Introducing VLTs into Texas is viewed as a significant expansion and a step toward full scale gambling such as seen in Nevada and Louisiana. Opponents feel that it is immoral for the state to obtain financial support via expanded gambling.

Proponents counter these claims by showing that the social costs of gambling already exist in Texas from other forms of gambling. Pathological gambling is rare, affecting between 1 and 5 percent of the population. Texas already receives revenue from other potentially harmful activities and substances and VLTs are no different.

Casino type gamblers come from income groups above the national median and are more likely to hold white collar jobs. Some studies show that social costs, crime, and illegal gaming are reduced after legal gambling is introduced.

In an earlier study, the state comptroller estimated that more than $1 billion per year is lost to neighboring states as Texans travel to Oklahoma, New Mexico, and Louisiana to more attractive gambling venues. The horse industry has had significant losses from breeders and training facilities moving out of state to take advantage of better incentive programs and race purses.

State revenue from VLTs would be the same as the state receives from racetrack betting and the lottery. A percentage fee is taken from each wager, so the revenue is much the same as the excise tax on alcohol and cigarettes. This type of revenue stream may well bridge the gap of the upcoming budget deficit without raising taxes.

According to the state comptroller, income from VLTs may potentially provide Texas with an ongoing revenue stream around $1 billion annually. This estimate is based on the percentage take from betting, taxes on increased economic activity, and accounts for possible revenue losses as money is shifted from other taxable spending. Studies indicate that the social costs of gambling do not exceed the economic benefits of gambling.

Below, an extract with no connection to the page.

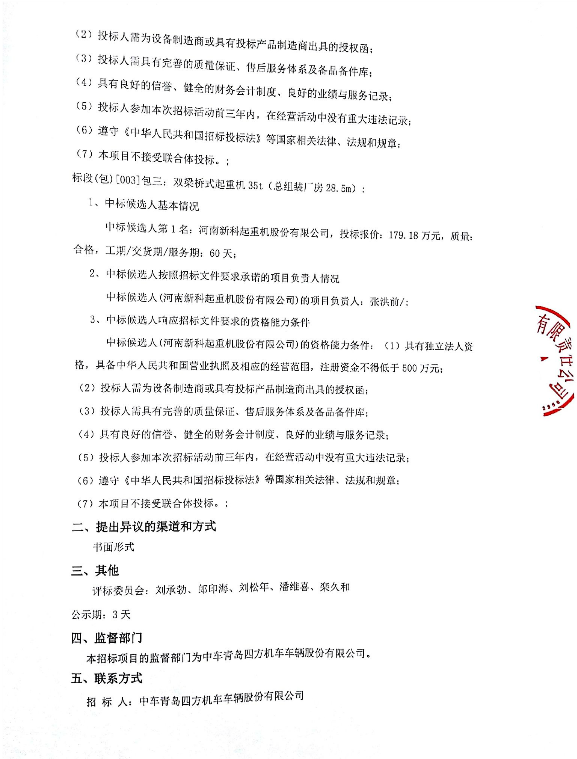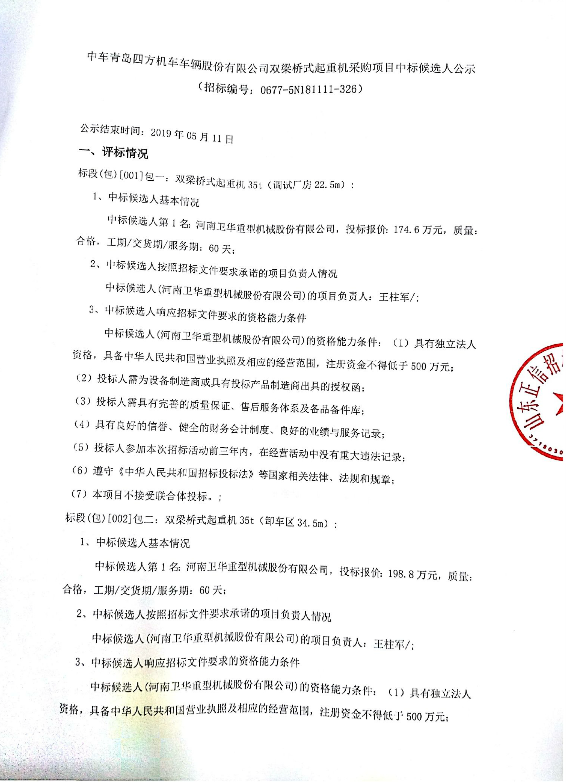 移動版:中車青島四方機車車輛股份有限公司雙梁橋式起重機采購項目中標候選人公示

Legislative goals that Texas HORSE supports can be found at: texashorseweb.com. The legislative process for a VLT bill must first gain a two thirds vote in the House and Senate for a Constitutional Amendment to allow the voters to decide on the issue in November 2011. Voters will want to ensure their votes for state congress this November reflect their positions on this matter.


 Video Lottery Terminals

Video Lottery Terminals (VLTs) are games of chance played on electronic terminals much like slot machines. VLTs, however, are monitored, controlled, and audited by the state lottery agencies. Slot machines are monitored by other state agencies and may not be centrally controlled.

VLTs take money or credits in return for a play at the game. Players can win cash, prizes, or use their winnings to play more games. Wagers range between 5 cents to $10 per play.

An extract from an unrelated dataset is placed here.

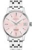 Pink color. Applied polished steel tone markers. Luminous hour markers/dots.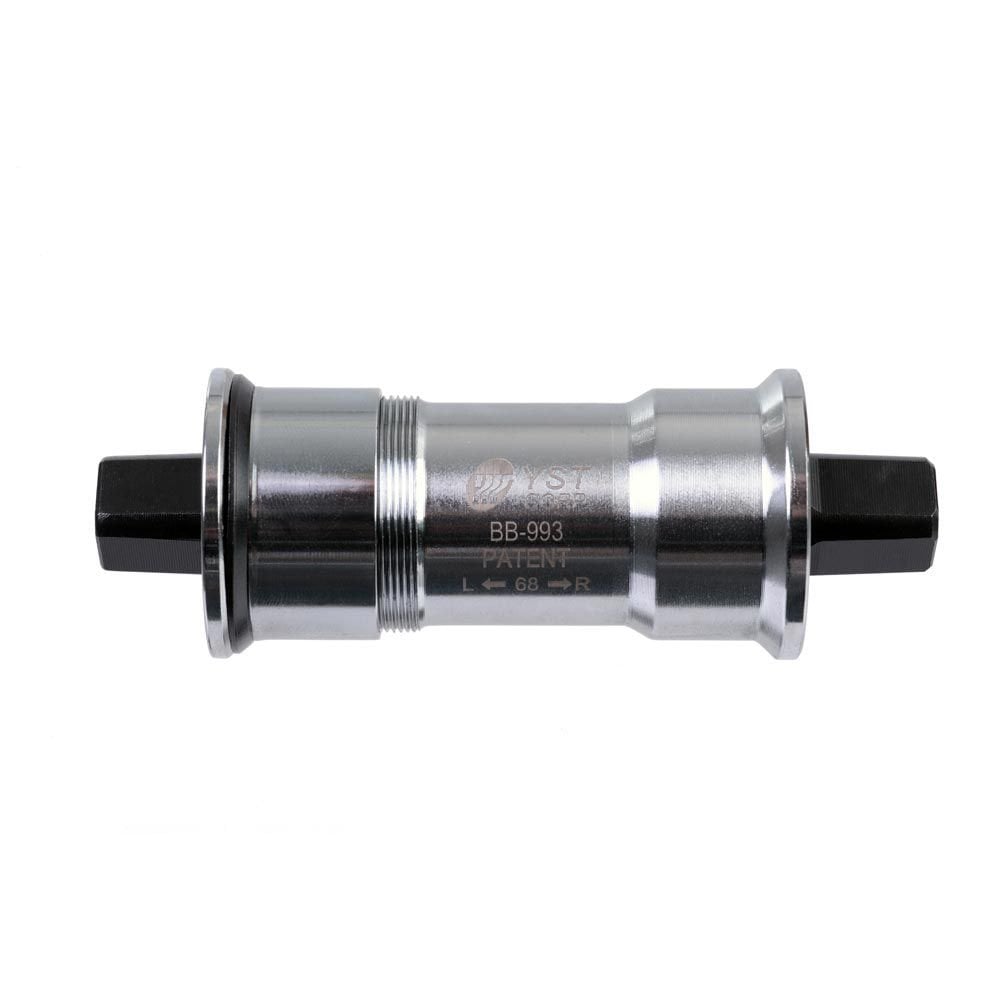 The patented design YST BB-993 threadless cartridge unit threads to itself and has bevelled cups for snug fit.

The payback to players for VLTs is about 90%. The other 10% is profit that is split between the state and the operators of the VLT machines and venues. Texas state would receive about 30% of this net income from every machine.

The current proposal would place VLTs at horse and dog race tracks throughout Texas. VLTs, track betting, and lotteries are all varieties of pari-mutuel wagering. The machines provide a new way to gamble, but would be located where gambling is already operating and approved by voters.